Publication year - 2017
Publication title -
european journal of pain
Language(s) - English
Resource type - Journals
SCImago Journal Rank - 1.305
H-Index - 109
eISSN - 1532-2149
pISSN - 1090-3801
DOI - 10.1002/ejp.1030
Subject(s) - lidocaine , threshold of pain , erythromelalgia , anesthesia , nociception , medicine , placebo , pain tolerance , sensory threshold , psychology , pathology , alternative medicine , receptor , cognitive science
Objectives Nociceptive thresholds and supra ‐threshold pain ratings as well as their reduction upon local injection with lidocaine were compared between healthy subjects and patients with erythromelalgia ( EM ). Methods Lidocaine (0.25, 0.50, 1.0 or 10 mg/mL) or placebo (saline) was injected intradermally in non‐painful areas of the lower arm, in a randomized, double‐blind manner, to test the effect on dynamic and static mechanical sensitivity, mechanical pain sensitivity, thermal thresholds and supra ‐threshold heat pain sensitivity. Results Heat pain thresholds and pain ratings to supra ‐threshold heat stimulation did not differ between EM ‐patients ( n = 27) and controls ( n = 25), neither did the dose–response curves for lidocaine. Only the subgroup of EM ‐patients with mutations in sodium channel subunits Na V 1.7, 1.8 or 1.9 ( n = 8) had increased lidocaine sensitivity for supra ‐threshold heat stimuli, contrasting lower sensitivity to strong mechanical stimuli. This pattern was particularly clear in the two patients carrying the Na V 1.7 I848T mutations in whom lidocaine's hyperalgesic effect on mechanical pain sensitivity contrasted more effective heat analgesia. Conclusion Heat pain thresholds are not sensitized in EM patients, even in those with gain‐of‐function mutations in Na V 1.7. Differential lidocaine sensitivity was overt only for noxious stimuli in the supra ‐threshold range suggesting that sensitized supra ‐threshold encoding is important for the clinical pain phenotype in EM in addition to lower activation threshold. Intracutaneous lidocaine dose‐dependently blocked nociceptive sensations, but we did not identify EM patients with particular high lidocaine sensitivity that could have provided valuable therapeutic guidance.
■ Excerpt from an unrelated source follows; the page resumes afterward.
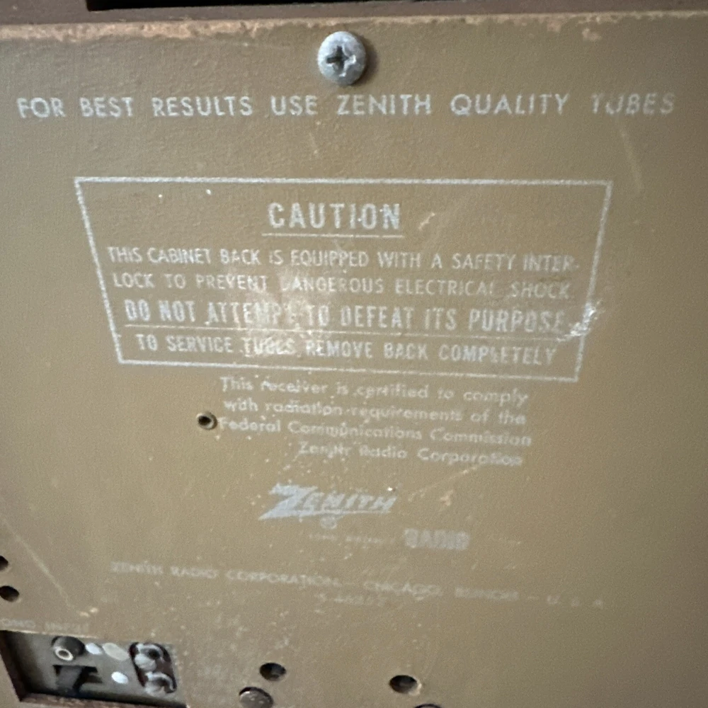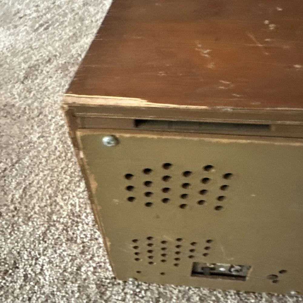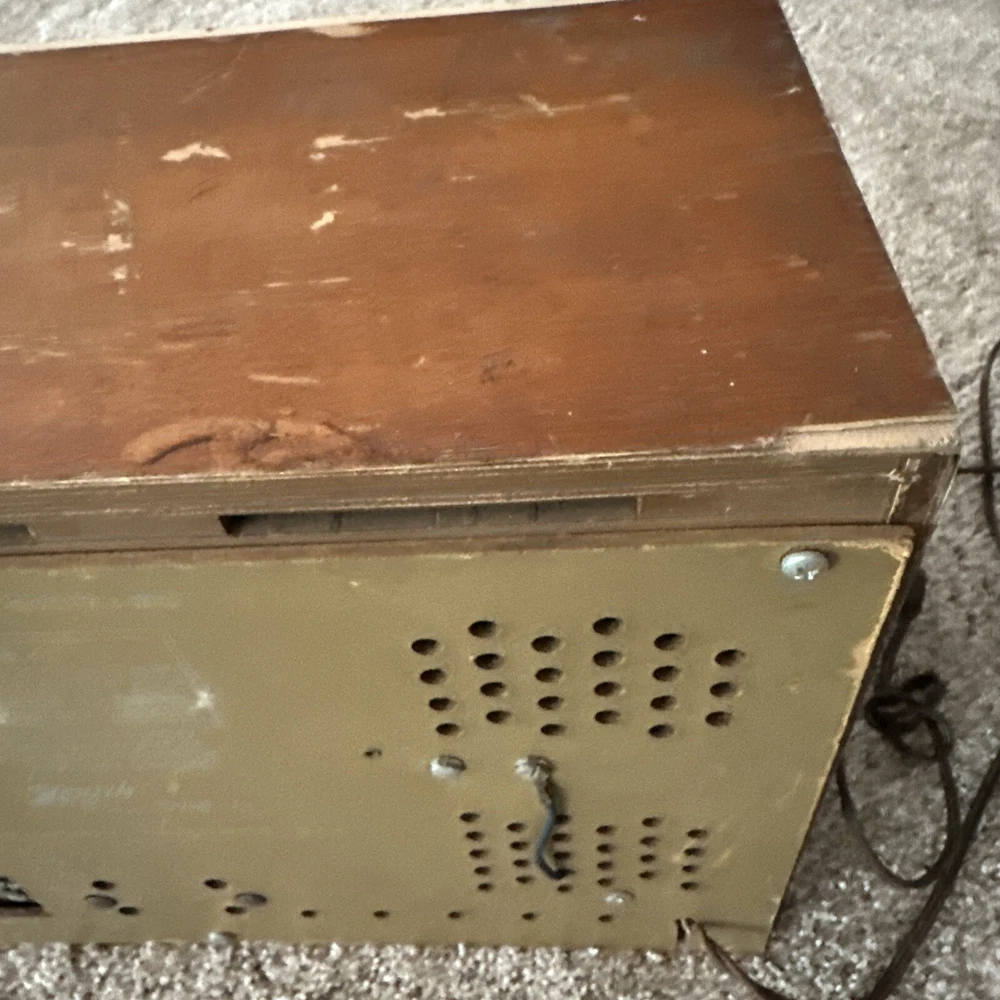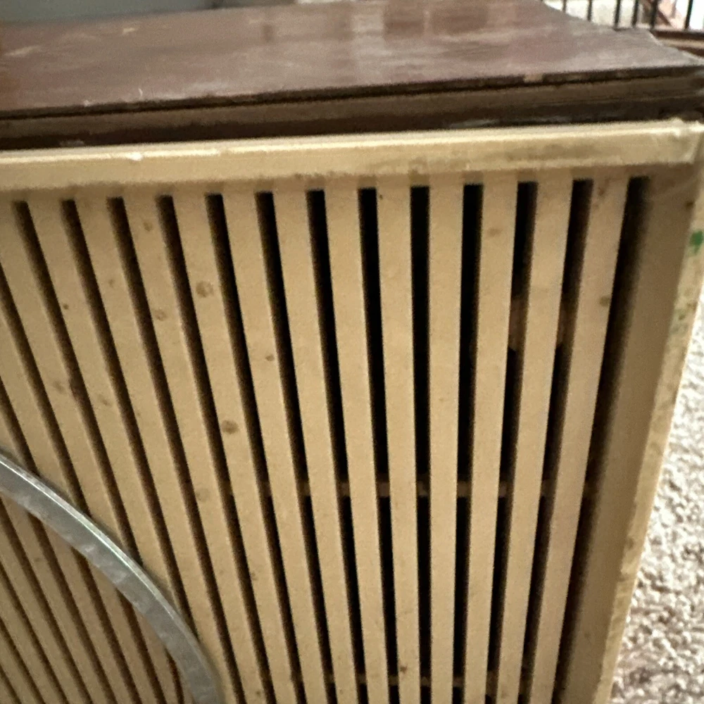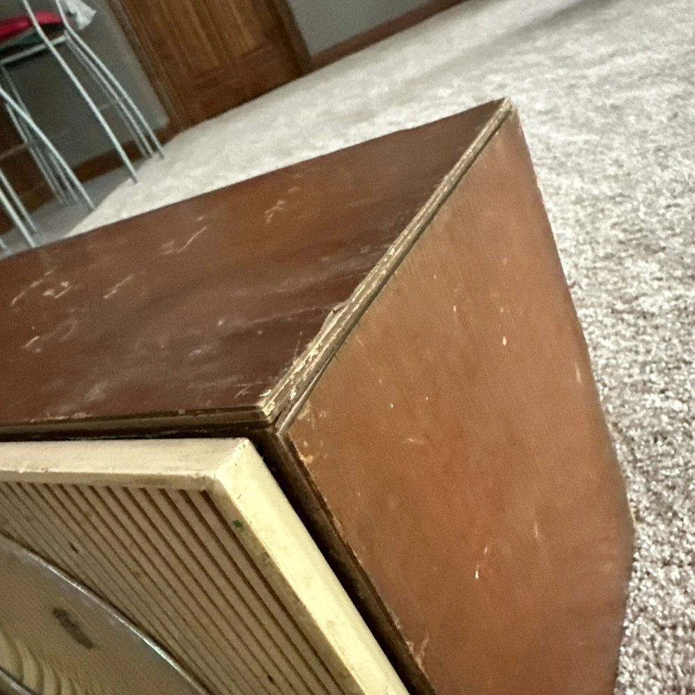 Antique radio in working condition. Has its share of scrapes, chips, and nicks but it is in good restorable condition. All functions seem to work, the volume goes up and down and the tuner works too. I am not able to test the phone jack on the back so not sure about it. Please see pics. No returns as radio is very heavy and shipping is pricey.

Significance Acute pain thresholds and supra ‐threshold heat pain in controls and patients with erythromelalgia do not differ and have the same lidocaine sensitivity. Acute heat pain thresholds even in EM patients with the Na V 1.7 I848T mutation are normal and only nociceptor sensitivity to intradermal lidocaine is changed. Only in EM patients with mutations in Na V 1.7, 1.8 or 1.9 supra ‐threshold heat and mechanical pain shows differential lidocaine sensitivity as compared to controls.